Duration by Status shows how much time an incident spent in each status (for example, Open, In Progress, or Mitigated), giving you a more detailed picture of the resolution process, how teams progressed, and if there were any unexpected issues. For example, if an incident was Open for a long time before teams start working on it, it could indicate an issue with notifications, on-call scheduling, or your team's workload. Or, if it was Mitigated for an extended period before being fully resolved, it might mean there was additional follow up work that needed to be done to restore the services.
Duration by Severity shows how much time an incident spent in each severity, (for example, Medium, High, or Critical). Use this metric to gain a better idea of how an incident affected your services, and what the peak severity was.
Ideally, an incident's severity level should decrease as its lifecycle progresses. If it doesn't, you can use severity updates to find out why, and evaluate what can be done to avoid similar issues reoccurring during future incidents. Duration by Severity can also be used to monitor and compare different incidents. For example, if multiple higher severity incidents occur over a short period of time, it may suggest that your systems need further analysis to resolve any underlying issues or architectural problems.
The incident description field is used to provide more detailed information, such as the background about alerts leading up to the incident or the affected services.
The roles indicate who is overseeing or performing different tasks in the incident resolution process. As these can be edited during an incident's lifecycle, they can also be used to indicate when and why responsibilities were transferred.
The Tasks section displays a list of all tasks that were created during the incident response process.

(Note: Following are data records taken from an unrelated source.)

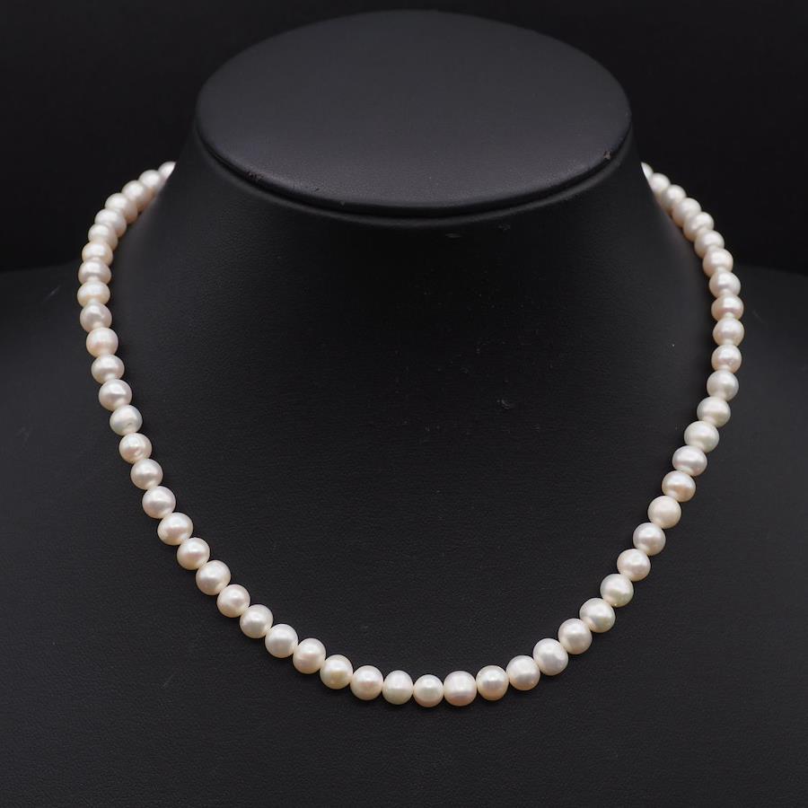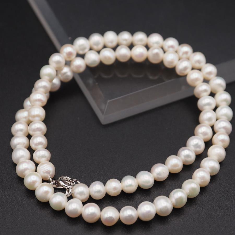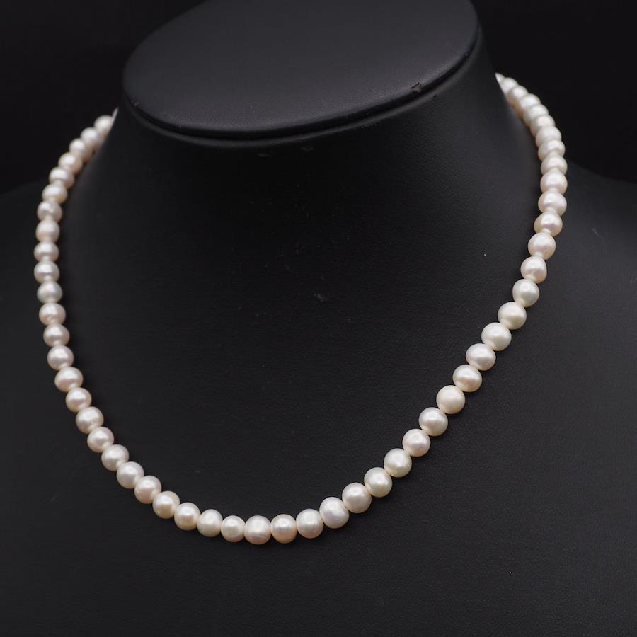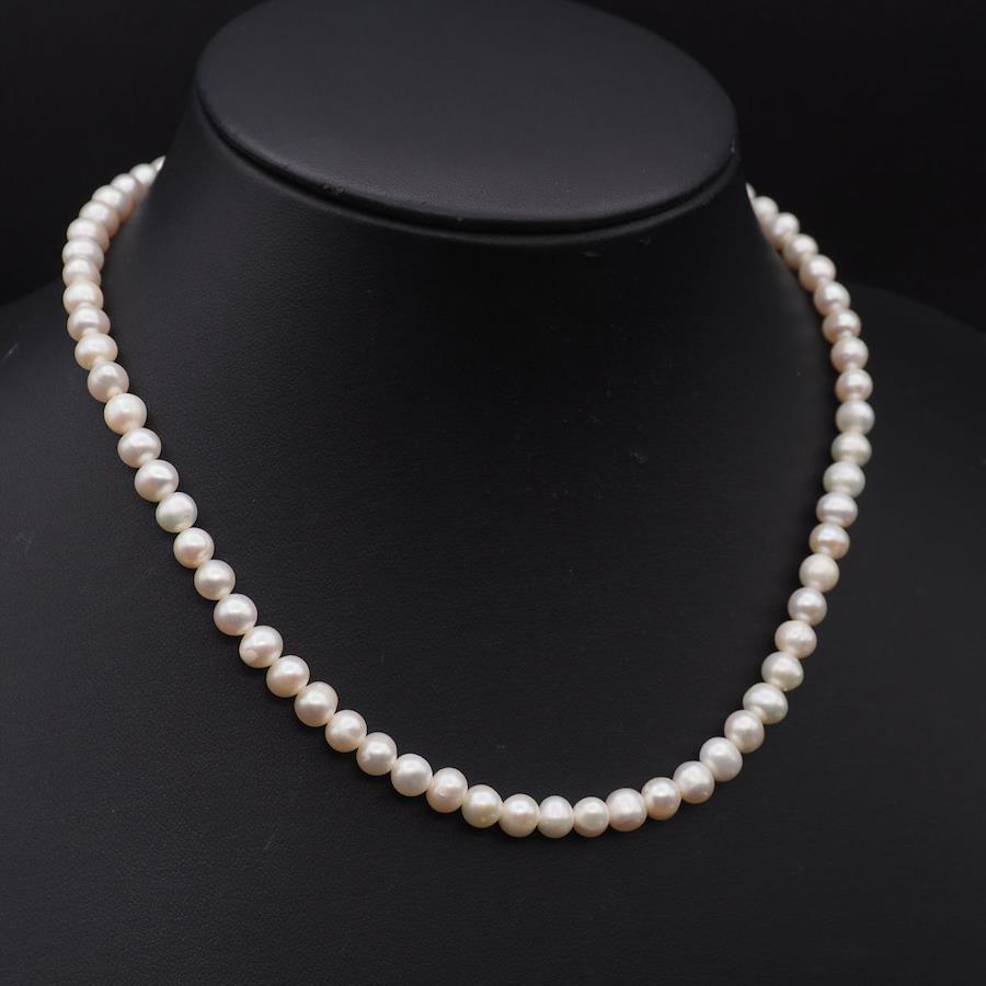 G614 Freshwater Pearl Necklace, Stamped in Silver (SILVER925), June Birthstone
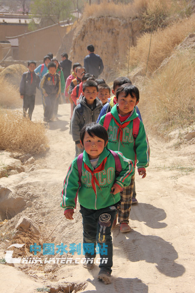 在缺水的旱山村,孩子們順著渴得冒煙的土路排隊(duì)上學(xué)
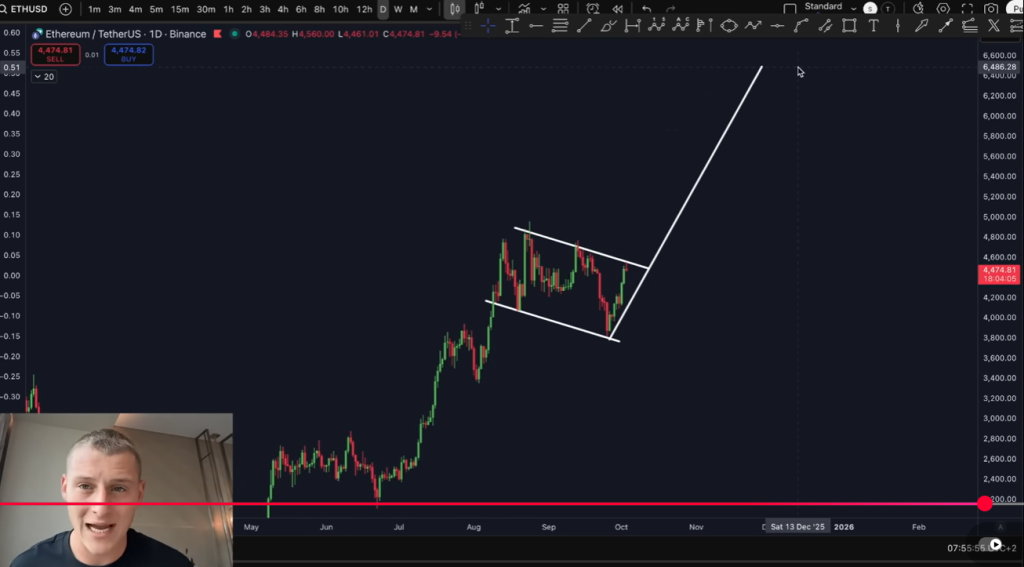 Ethereum hat Rover ebenfalls im Blick. Dort sieht er ein bullisches Flaggenmuster, das ein Kursziel von bis zu 6.500 US-Dollar ermöglichen könnte. Historisch gesehen haben Altcoins in den letzten Wochen eines Zyklus Bitcoin oft übertroffen. Rover erwartet, dass auch diesmal ein solches Szenario eintreten könnte.
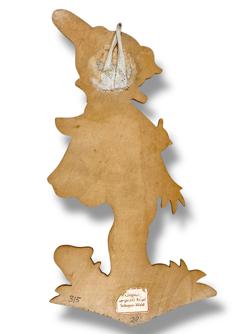 [EN] “I NEVER DREW THOSE BIG HEADS!” In the 1960s many German Wall Figures got large heads and big eyes, following the so-called baby schema (Kindchenschema). This becomes interesting with the figures that Alfred Mertens produced after he had bought the Original Bergischer Engel from the former owner Johanna Gruner-Witkop in 1967. She also allowed Mertens-Kunst to stamp the names “Original Bergischer Engel” as well as “Gruner Witkop” on the backs of their wall figures. In the new millennium, she could show me exactly which Original Bergischer Engel and Gruner Witkop figures were actually produced by Mertens, even though “her” name was on them. “I never drew those big heads!” she said! (From the Book: Vintage German Wall Figures, Die Ära der Märchen-Holzbilder, 2025, Christiane Dietz)
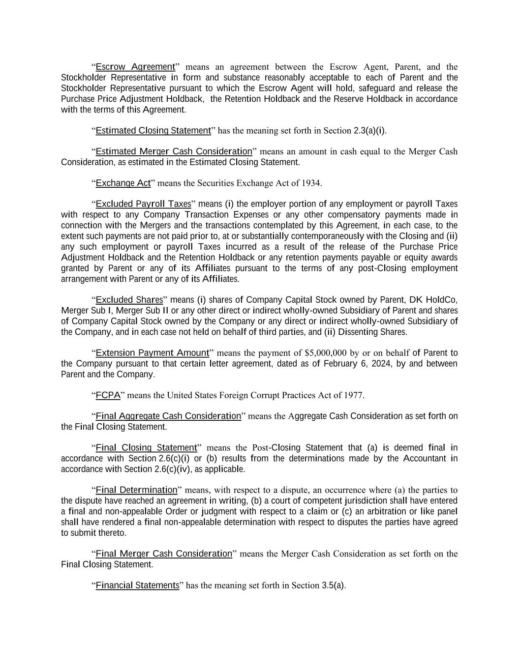 -8- Funds Flow Memorandum to reflect any such agreements, along with an updated officer’s certificate required by Section 2.3(a)(iii) not later than the Business Day immediately prior to the Closing Date. If Parent has validly provided notice of an objection to the Estimated Closing Statement and/or the Funds Flow Memorandum pursuant to this Section 2.3(a)(v) and Parent and the Company fail to mutually agree upon revisions to the Estimated Closing Statement and/or the Funds Flow Memorandum on or prior to the Business Day immediately prior to the Closing Date, then (A) neither Parent nor the Company shall delay the Closing because of such failure and (B) the amounts set forth in the Estimated Closing Statement, without any adjustment, shall be the amounts used in the determination of the Estimated Merger Cash Consideration. The agreement of the Parties to revisions to the Estimated Closing Statement and/or the Funds Flow Memorandum or the failure of the Parties to agree to such revisions shall not constitute a waiver or limitation of a Party’s rights and obligations pursuant to Section 2.7. 2.4 Purchase Price Holdbacks. (a) Purchase Price Adjustment Holdback. At the Initial Effective Time, Parent shall deposit, or cause to be deposited, $5,000,000 of the Aggregate Cash Consideration with Computershare Trust Company, N.A. (in such capacity, the “Escrow Agent”), which shall constitute a holdback used to satisfy, among other matters, amounts owed to Parent from the Company Securityholders pursuant to Section 2.7(a) (the “Purchase Price Adjustment Holdback”). Parent will pay, or cause to be paid, all fees, costs and expenses of the Escrow Agent. Upon joint written instructions from Parent and the Stockholder Representative (or otherwise in accordance with the procedures set forth in the Escrow Agreement), the Escrow Agent shall release the Purchase Price Adjustment Holdback in accordance with Section 2.7 and the Escrow Agreement to the Payments Administrator. The Payments Administrator shall distribute the portion of any Per Share Post-Closing Adjustment Amount that is distributable to the Company Securityholders in accordance with Section 2.7, the Payments Administrator Agreement and the Funds Flow Memorandum. Parent will pay, or cause to be paid, all fees, costs and expenses of the Payments Administrator will be paid by DK HoldCo. (b) Retention Holdback. At the Initial Effective Time, Parent shall deposit, or cause to be deposited, $1,875,000 (the “Retention Holdback Amount”) of the Aggregate Cash Consideration with the Escrow Agent, which shall constitute a holdback used to satisfy, among other matters, any indemnification amounts owed to Parent or any other Parent Indemnified Party from the Company Stockholders. Upon joint written instructions from Parent and the Stockholder Representative (or otherwise in accordance with the procedures set forth in the Escrow Agreement), an amount, if any, that is in excess of eighty percent (80%) of the initial aggregate Retention Holdback Amount shall be released by the Escrow Agent to the Payments Administrator within ten (10) Business Days following the date that is twelve (12) months after the Closing Date (the “First Release Date”), and the remainder of the Retention Holdback, if any, shall be released by the Escrow Agent to the Payments Administrator within ten (10) Business Days following the date that is eighteen (18) months after the Closing Date (the “Second Release Date” and each of the Second Release Date and First Release Date, a “Release Date”), in each case, for further distribution by the Payments Administrator to the Company Securityholders no later than ten (10) Business Days following the applicable Release Date; provided that such portion of the Retention Holdback Amount as may be necessary in the reasonable good faith of Parent to satisfy any unresolved or unsatisfied claims for Losses validly made under Article VIII before the applicable Release Date shall remain in the Retention Holdback and the applicable portion of the Retention Holdback Amount that is subject to any such claimed Losses shall not be so released until such the amount of such Losses are finally resolved and satisfied in accordance with Article VIII. The Payments Administrator shall distribute the portion of any Per Share Retention Holdback Consideration that is distributable to the Company Securityholders in accordance with the terms of this Agreement, the Payments Administrator Agreement and the Funds Flow Memorandum promptly after its release from the Retention Holdback.

This list can be filtered to show only active, completed, or rejected tasks. Use this section to review the work carried out during the incident, add any new tasks to complete during the post-incident review, and update the status, assignee, or due date of any ongoing tasks.
The collaboration section includes details of any collaboration channels or applications that were active during an incident's lifetime. Use this section to reference any conversations or updates that happened outside of xMatters.
The Timeline is used to understand how an incident progressed in xMatters. This is displayed as a chronological list of when the incident status or severity was updated, when and how recipients were notified during the incident, and how they responded.
This metric allows you to pinpoint important moments during an incident's lifecycle, see updates on how it progressed, and how resolvers contributed to the incident resolution process.
You can export an incident's details as a spreadsheet to perform further data analysis or update stakeholders at any time during its lifecycle.